The main advantages of permutation tests are that they exist for any test statistic, regardless of whether its distribution is known or not.
In TRENTOOL permutation tests are implemented in the internal function TEperm.m for the statistical comparison in three different contexts:
1. for a comparison of data with a shifted version of the data to find instantaneous mixing in the data (e.g. volume conduction, shared noise)  this procedure is called shifttesting and explained below ,
2. for a comparison of the data with surrogate data,
3. and for a comparison of (groups of) datasets to find significant differences in TE between them.
ShiftTesting
Real data typically contain not only the signal of interest but are contaminated by noise. Moreover, this noise contribution may not be independent for two signals that are evaluated for directed interactions using TE. Typical examples are shared 50 Hz signals, the effect of volume conduction in Electroencephalography and field spread effects in Magnetoencephalography. Shared noise with a non zero autocorrelation can have various effects on measures based on Wiener's definition of causality. As a general rule, false positive detection of a causal interaction from the less noisy to the noisier signal is likely to occur [11,40]. In order to avoid false positive detection of a causal interaction due to instantaneously shared noise we devised a so called shift test [11,27]. In this test, TE from a signal X(t) to a signal Y(t) with a prediction time u is computed twice  once for the original signals and once by replacing X(t) by a timeshifted version X'(t) = X(t + u). The effect of this time shift on X is that samples now occur u time steps earlier in the shifted signal than in the original one. Since we expect a time delay δ > 0 for the coupling from X to Y, the new set of values for X' cannot be causally related to Y (given a correct choice for the prediction time u approximately equal to the interaction delay (δ) between the signals, and given no instantaneous mixing). Hence, if we were dealing with a truly causal interaction, we effectively loose useful samples that served to predict the future of Y and replace them by acausal ones. Therefore TE values should drop, i.e. TE(X → Y) > TE(X' → Y). In contrast, if we observed a causal interaction because of an instantaneous common noise contribution, this noise signal now appears u samples earlier in the shifted signal X', and allows perfectly to predict its own appearance in Y u samples later. In this case, we will see an increase in TE values, indicating instantaneously shared signal or noise.
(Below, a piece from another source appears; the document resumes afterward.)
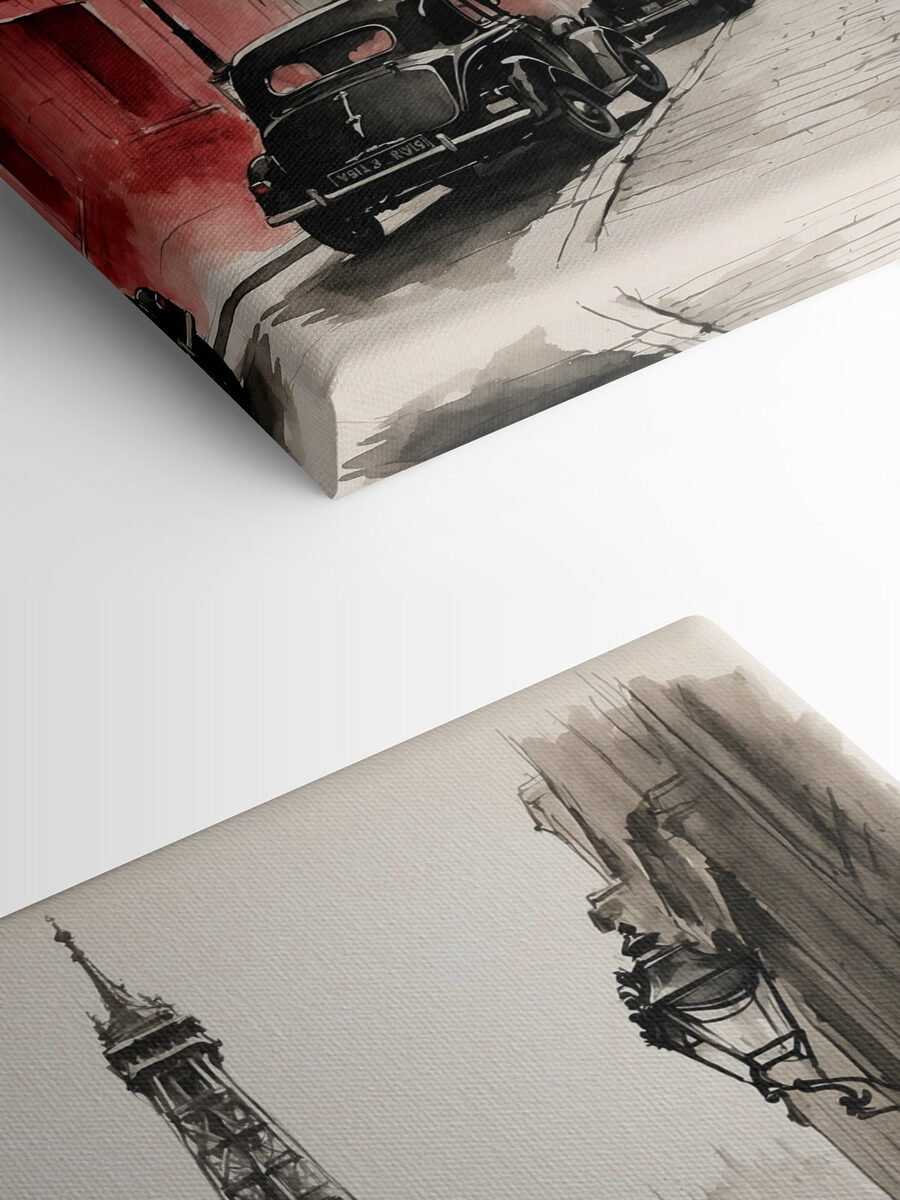 🚗🚗Stellen Sie sich vor, Sie würden in der Zeit zurückgehen und durch die romantischen Straßen von Paris schlendern, wo sich klassische Autos durch die zeitlose Architektur schlängeln. Dieser Leinwanddruck “Schwarz-Weiß-Zeichnung eines Autos” bringt diesen Zauber direkt in Ihre Wohnräume! Die sanften Pastelltöne der Bäume, die sich von den monochromen Gebäuden abheben, verleihen dem Bild einen unerwarteten Hauch von Wärme, den Sie lieben werden.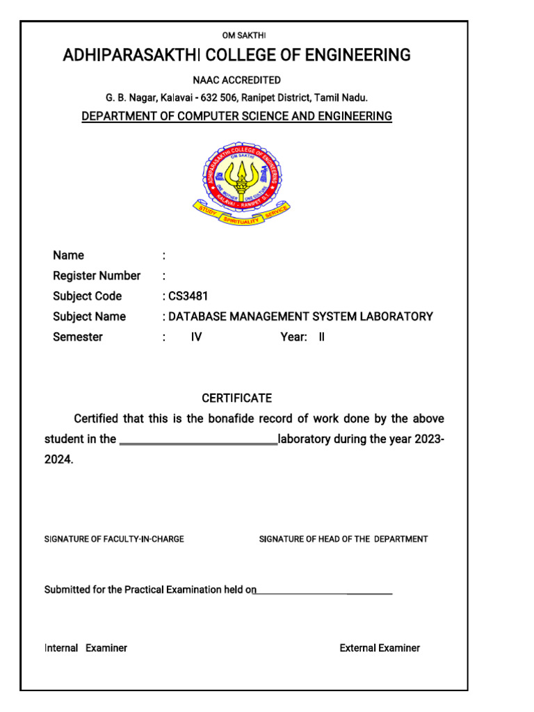 Subject Name : DATABASE MANAGEMENT SYSTEM LABORATORY

In TRENTOOL we formalized this argument in the following way: For each trial i we compute both, TE_{i}(X → Y) and TE_{i}(X' → Y). Then we compare the two distributions of TE values for the original and the shifted signal pair by means of a permutation test. If TE values for the shifted signal pair are significantly larger than for the original one then we discard the hypothesis that there is a directed interaction^{5}. Note, that this result should not be interpreted as the proof of absence of directed interaction but rather means that under these circumstances we cannot make any statement about a true interaction due to the presence of instantaneously shared noise.
Results
Validation for simulated data
We tested our implementation of Transfer Entropy with a representative set of simulated data which mimic electrophysiological recordings and where we have control over all parameters such as coupling direction, delay and strength^{6}.
For each simulation, 100 datasets were generated with 40 trials, each 3000 samples long. All signals X and Y, or X_{ε }and Y_{ε }in case of linear mixing, were evaluated with first TEprepare and then with TEsurrogatestats using the default parameters for the functions as listed in table 1 and 2, and using the free parameters exactly as shown in the example scripts in Figure 2 (A) for TEprepare and (B) for TEsurrogatestats if not specified otherwise. The following paragraphs we describe motivation, simulation setup and results.
Sensitivity analysis  impact of embedding parameters
The sensitivity of the TE metric mostly depends on two parameters  the prediction time u that quantifies the expected interaction delay between the two systems and which has to be set by the user and the combination of embedding dimension d and delay τ, which is estimated by either the Cao (only d) or the Ragwitz criterion (d and τ). The following two simulations demonstrate the impact of u and d on sensitivity.
Impact of correct prediction time u
To investigate the influence of the choice of the prediction time u on TE analysis results, we simulated two unidirectionally quadratically coupled autoregressive processes with order
10 (AR(10))
where all η are Gaussian white noise processes with unit variance, the coupling constant γ was chosen such that the coupling term contributes 50% of the variance of the final source signal Y, and δ is the coupling delay and was set to 21 samples. For the evaluation of this dataset, we scanned u from 1 to 40 samples.
Results
The rate of correct detections of an interaction peaked at u = 21, which is equal to the simulated coupling delay (Figure 4A). At this optimal prediction time of u = 21 we also found the highest TE values (Figure 4B). This result held irrespective of the coupling type simulated (linear, quadratic, threshold; data not shown). Beyond this peak, detection rates first dropped with increasing u and then showed a second broad peak, however, without reaching the maximal level again. This latter result was specific to the data analyzed.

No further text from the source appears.